- SUPPLIED DATA
►
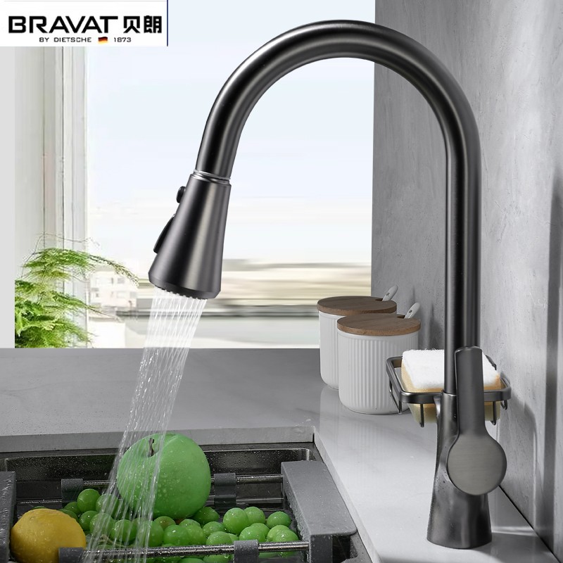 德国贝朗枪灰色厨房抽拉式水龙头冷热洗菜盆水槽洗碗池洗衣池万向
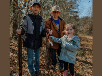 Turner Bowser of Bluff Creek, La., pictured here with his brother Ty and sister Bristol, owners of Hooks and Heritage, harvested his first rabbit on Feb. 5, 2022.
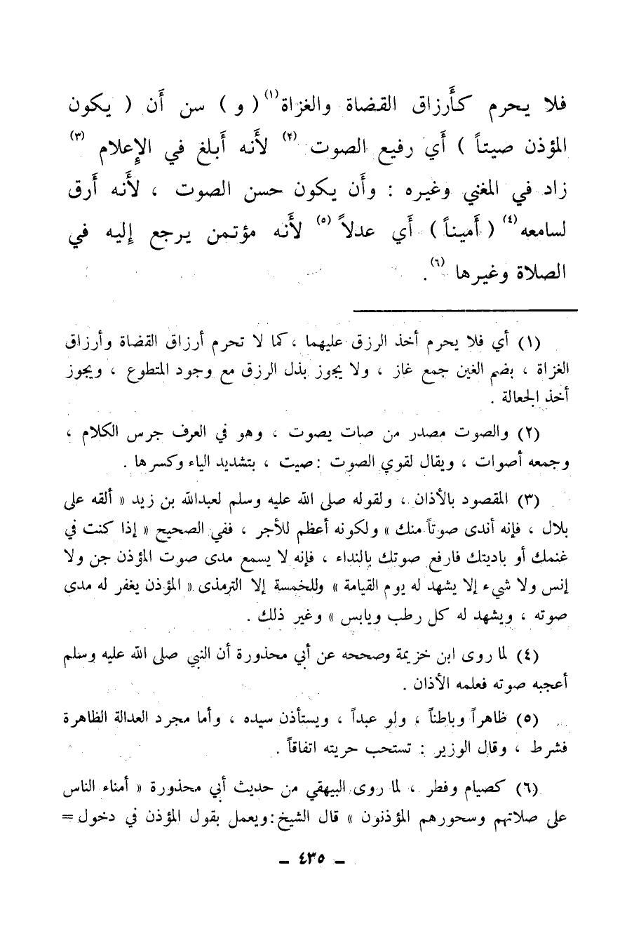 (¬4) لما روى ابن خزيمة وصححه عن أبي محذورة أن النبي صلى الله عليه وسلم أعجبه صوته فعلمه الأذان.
◄
►
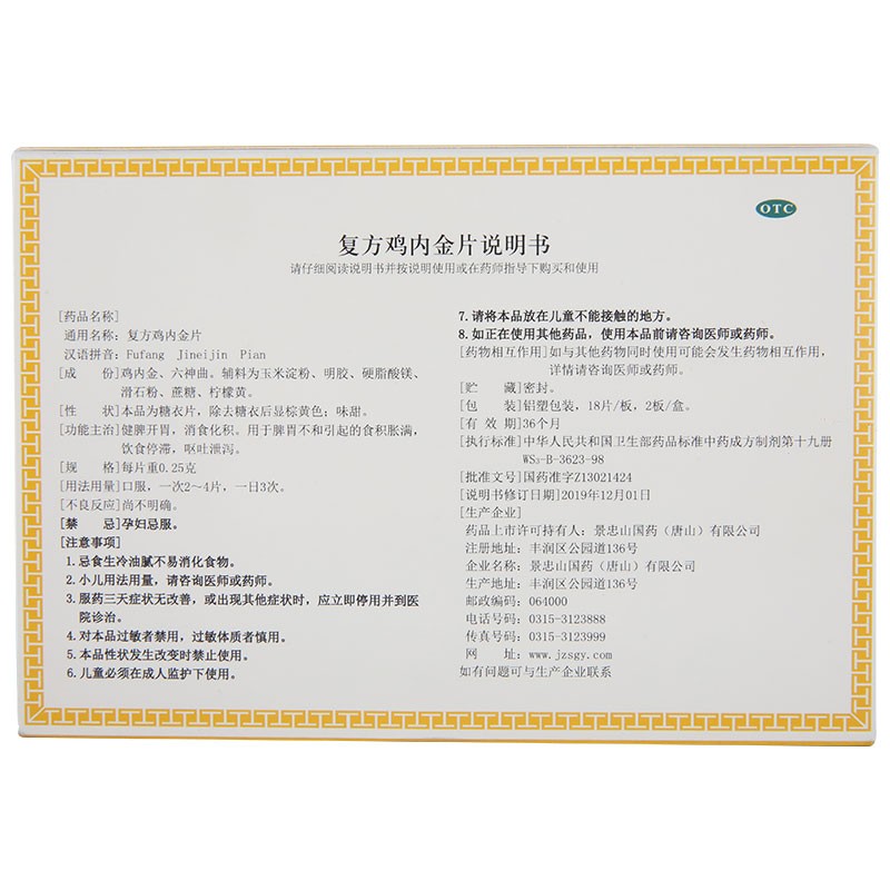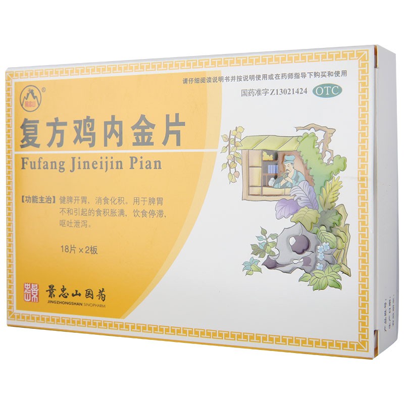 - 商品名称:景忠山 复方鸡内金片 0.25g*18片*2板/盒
◄
- TASK TO COMPLETE
Look above for the line with "德国贝朗枪灰色厨房抽拉式水龙头冷热洗菜盆水槽洗碗池洗衣池万向" and the line with "(¬4) لما روى". Output those two and everything between them exactly, pictures excluded.

- EXERCISE ANSWER
 德国贝朗枪灰色厨房抽拉式水龙头冷热洗菜盆水槽洗碗池洗衣池万向
 Turner Bowser of Bluff Creek, La., pictured here with his brother Ty and sister Bristol, owners of Hooks and Heritage, harvested his first rabbit on Feb. 5, 2022.
 (¬4) لما روى ابن خزيمة وصححه عن أبي محذورة أن النبي صلى الله عليه وسلم أعجبه صوته فعلمه الأذان.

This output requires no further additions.